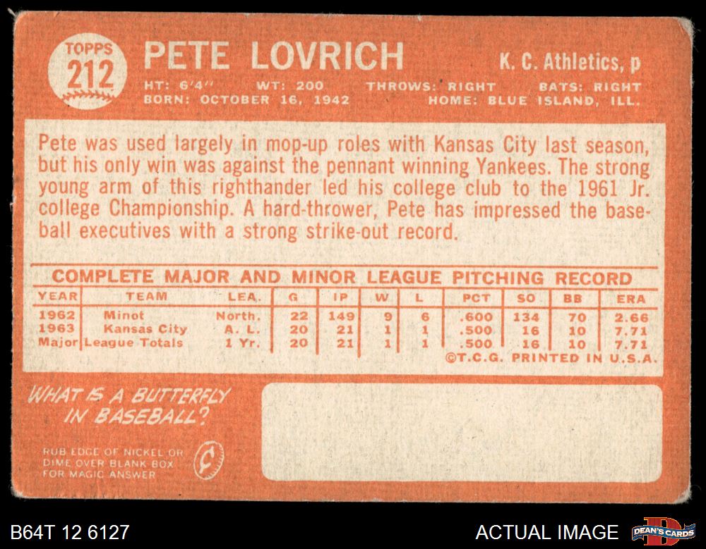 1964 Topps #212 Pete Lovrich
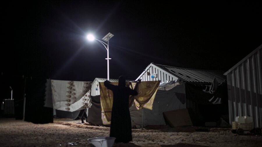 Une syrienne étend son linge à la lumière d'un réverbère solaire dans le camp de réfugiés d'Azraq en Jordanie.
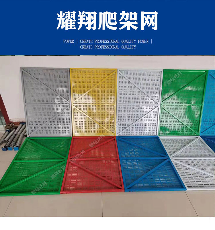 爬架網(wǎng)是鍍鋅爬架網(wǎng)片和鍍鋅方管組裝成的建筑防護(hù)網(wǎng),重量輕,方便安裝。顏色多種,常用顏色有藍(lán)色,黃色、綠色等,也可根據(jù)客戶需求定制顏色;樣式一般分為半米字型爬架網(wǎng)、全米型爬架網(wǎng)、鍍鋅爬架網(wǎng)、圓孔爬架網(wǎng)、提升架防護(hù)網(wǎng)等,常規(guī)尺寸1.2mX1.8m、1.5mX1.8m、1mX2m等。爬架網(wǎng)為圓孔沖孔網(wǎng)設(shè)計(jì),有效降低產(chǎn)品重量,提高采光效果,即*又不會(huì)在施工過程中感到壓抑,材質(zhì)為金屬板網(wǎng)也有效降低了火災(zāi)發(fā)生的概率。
_ _ _ _ _
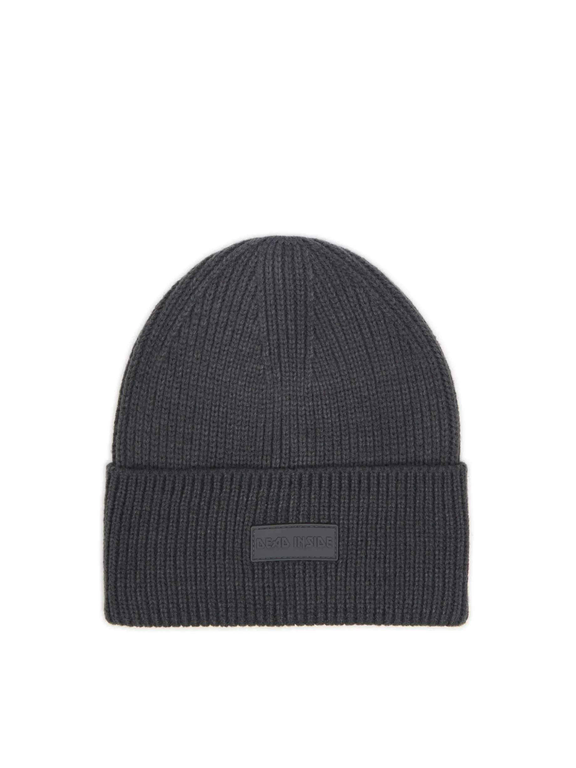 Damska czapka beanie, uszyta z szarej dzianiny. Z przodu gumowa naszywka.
_ _ _ _ _
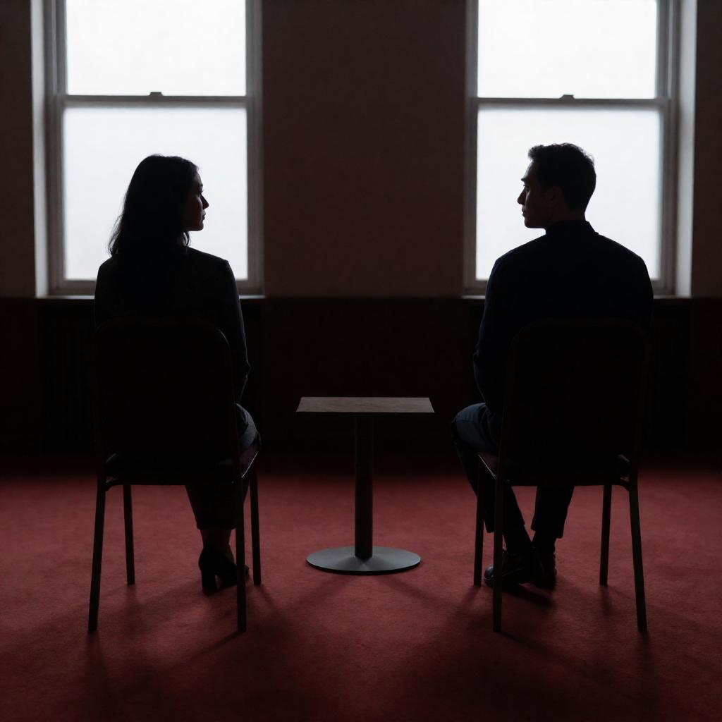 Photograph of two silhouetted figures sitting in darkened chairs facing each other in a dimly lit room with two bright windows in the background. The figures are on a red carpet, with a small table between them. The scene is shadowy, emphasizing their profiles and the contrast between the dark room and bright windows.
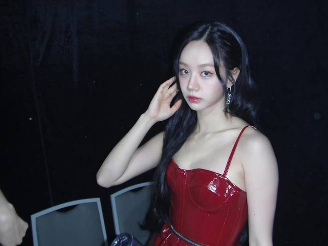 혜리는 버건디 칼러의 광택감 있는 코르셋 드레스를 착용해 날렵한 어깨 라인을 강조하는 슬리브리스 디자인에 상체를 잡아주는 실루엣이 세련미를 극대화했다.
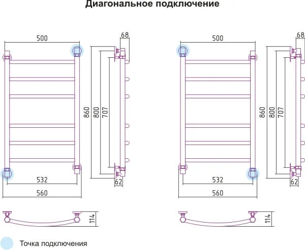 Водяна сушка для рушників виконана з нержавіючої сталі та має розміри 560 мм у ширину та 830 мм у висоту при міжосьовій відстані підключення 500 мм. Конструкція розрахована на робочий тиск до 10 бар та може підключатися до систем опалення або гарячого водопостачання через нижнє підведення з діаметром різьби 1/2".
_ _ _ _ _
Print from the line containing "1964 Topps #212 Pete Lovrich" through the line containing "Une syrienne étend" in the data above, exactly as the lines stand, and omit every picture.

 1964 Topps #212 Pete Lovrich
 Une syrienne étend son linge à la lumière d'un réverbère solaire dans le camp de réfugiés d'Azraq en Jordanie.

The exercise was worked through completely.